The Problem: The Blocking Nature
- Synchronous Bottleneck: If the coordinator crashes after the prepare phase, participants remain locked, unable to commit or abort, waiting indefinitely.
- Performance: 2PC is notoriously slow because it holds database locks for a long time across multiple network round-trips.
2. Three-Phase Commit (3PC)
3PC was designed to fix the blocking issue by adding an intermediate phase.
The Phases:
- CanCommit: The coordinator asks "Can we commit?" (similar to Prepare).
- PreCommit: If everyone says "Yes," the coordinator tells everyone to "PreCommit." This signals that a commit will happen.
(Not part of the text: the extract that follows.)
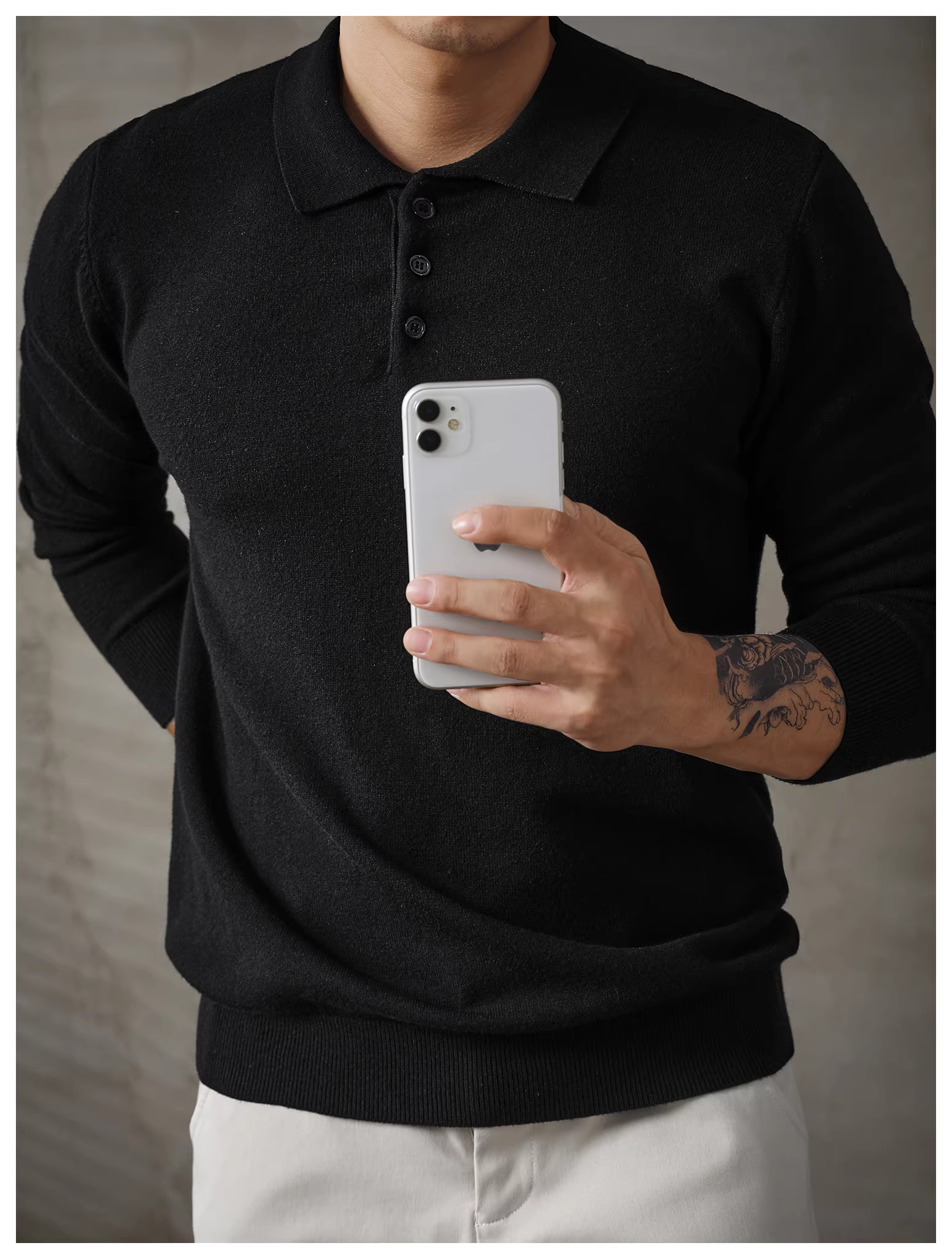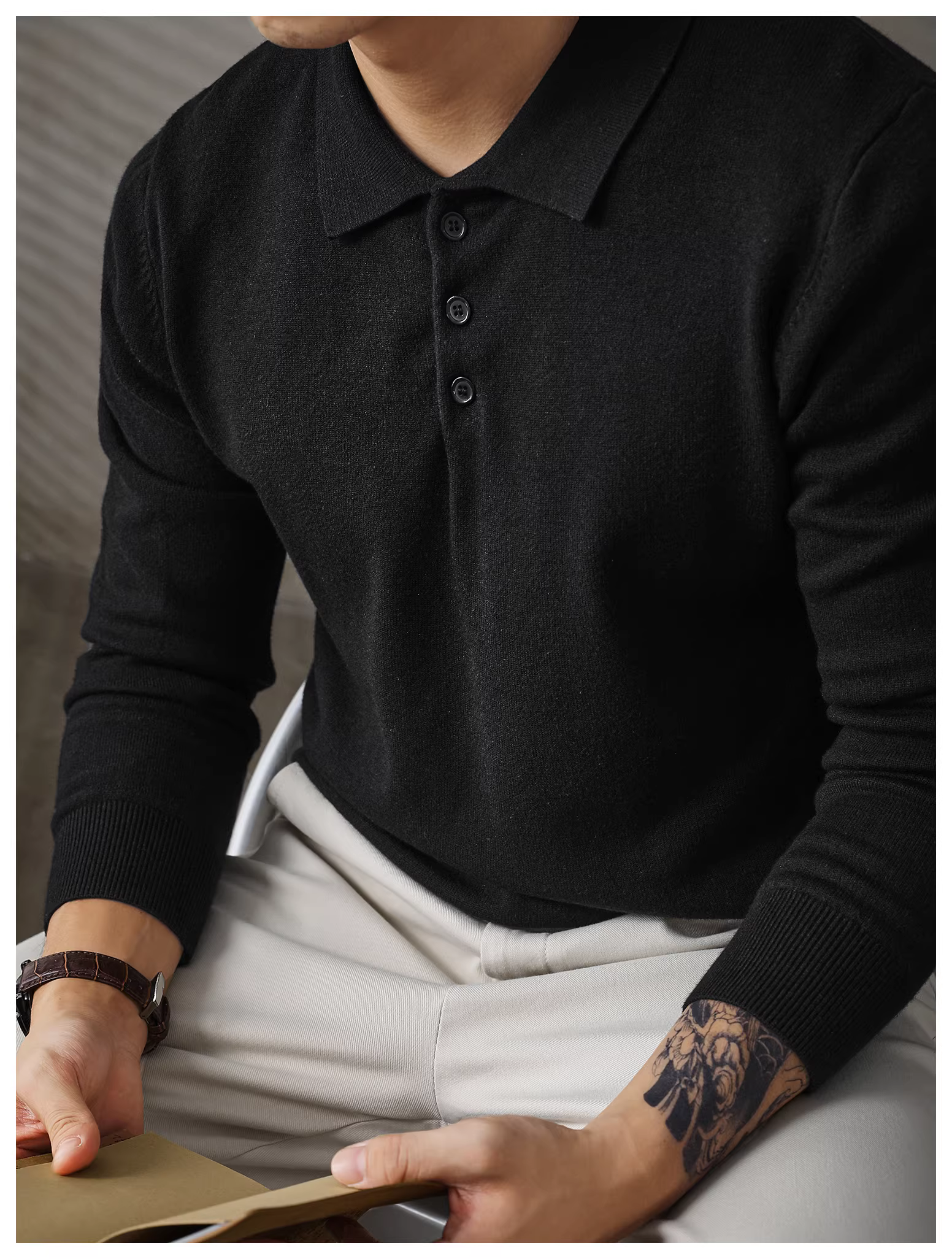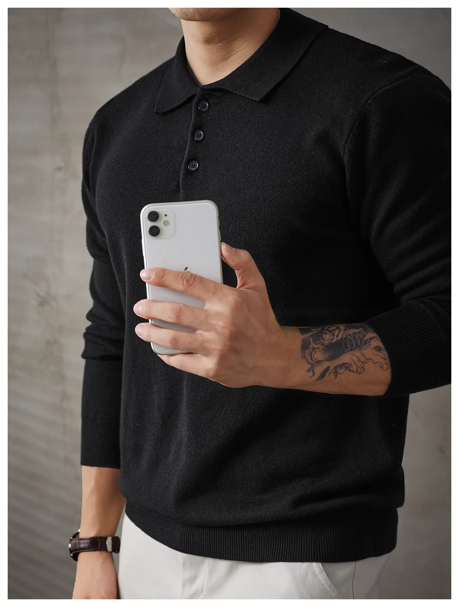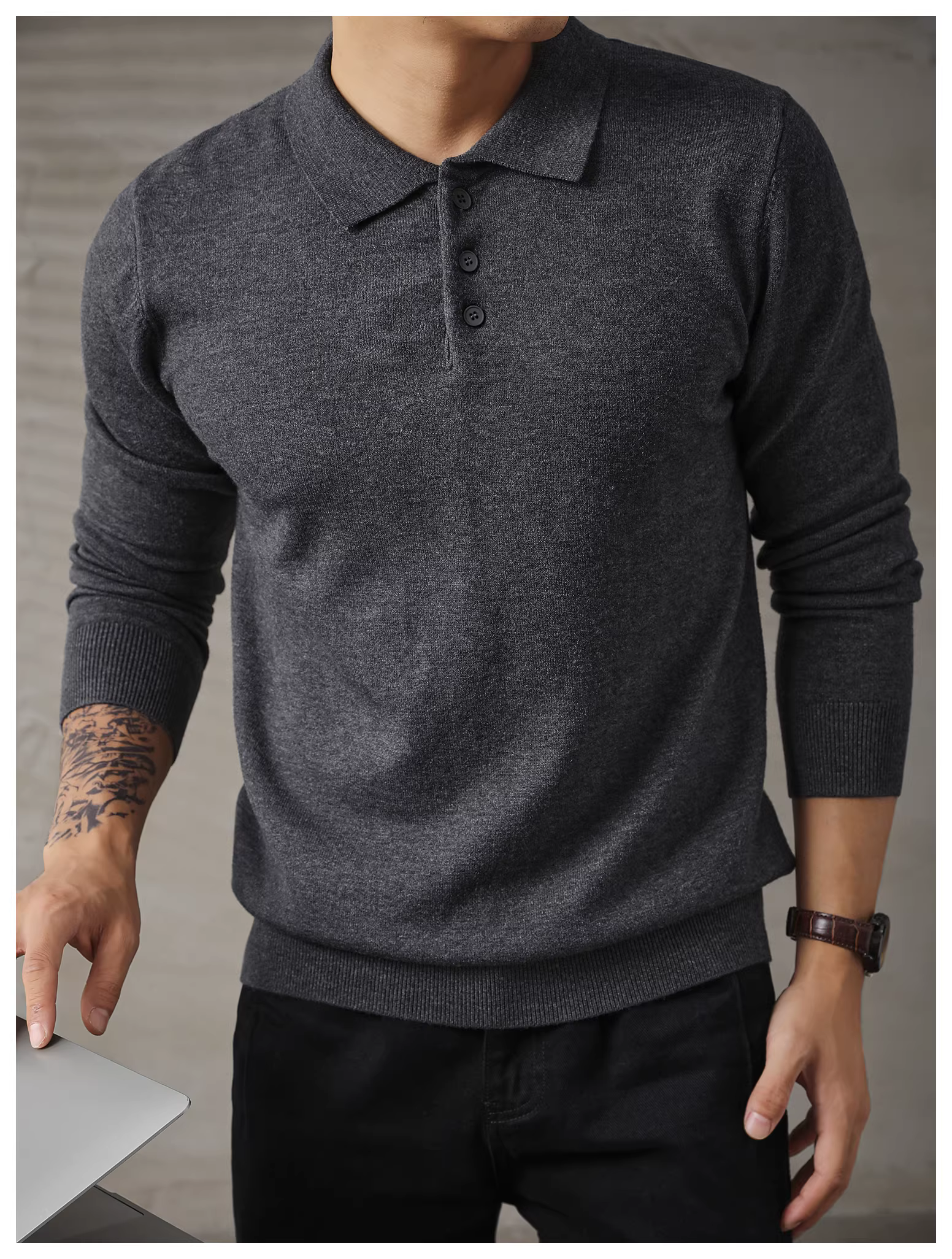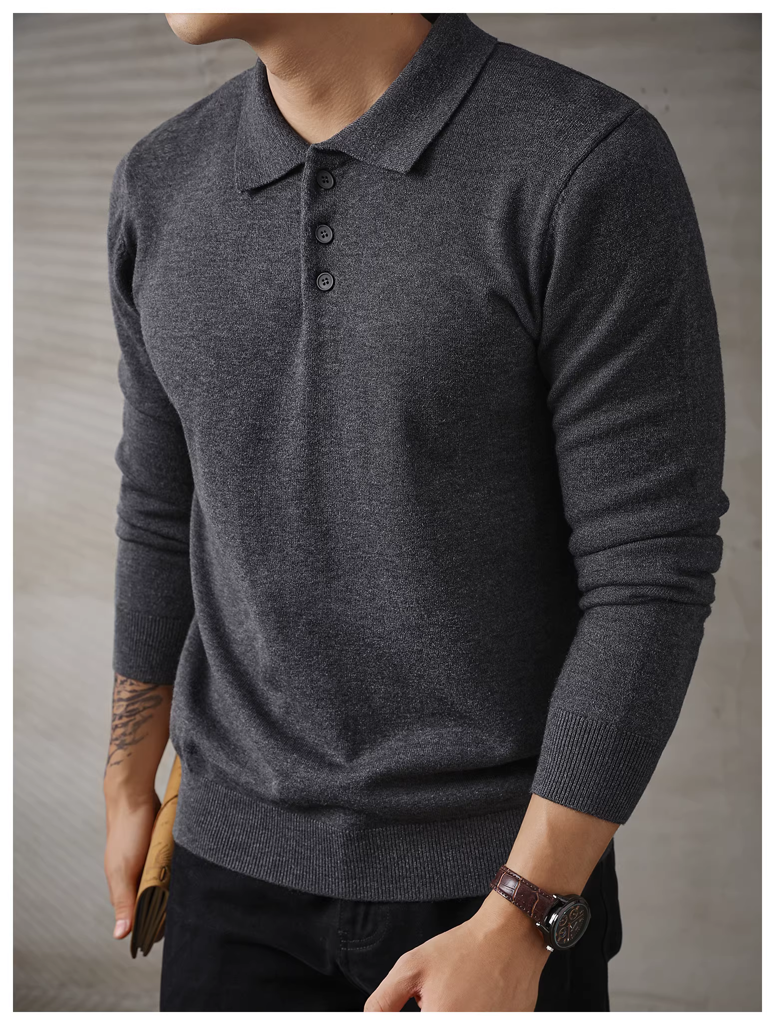 - Áo len nam dài tay phong cách đi làm đô thị LUUD, áo len mùa thu đông ấm áp, kiểu dáng ôm sát, áo POLO

- DoCommit: The actual commit phase.
Why 3PC solves the blocking issue:
If the coordinator crashes after the PreCommit phase, the participants know that a commit was imminent and can safely proceed. It removes the uncertainty of the 2PC "prepared" state.
The Reality
While 3PC is non-blocking, it is still vulnerable to network partitions. If a partition occurs, participants might have conflicting information, potentially leading to inconsistent states. Because of this, it is rarely used in high-scale cloud systems.
3. Why are they rarely used in Microservices?
- Sync/Blocking: They require active, synchronous communication.
- Latency: Cross-region 2PC would be too slow to be useful.
- Locking: They force database locks to be held for the duration of the multi-phase handshake, destroying throughput in high-concurrency systems.
Summary
While 2PC and 3PC provide strong theoretical guarantees, their blocking nature makes them a poor fit for modern, high-scale microservices. They remain essential knowledge for understanding how database engines handle internal transactions, but for distributed application design, we almost always prefer Sagas or Eventual Consistency patterns.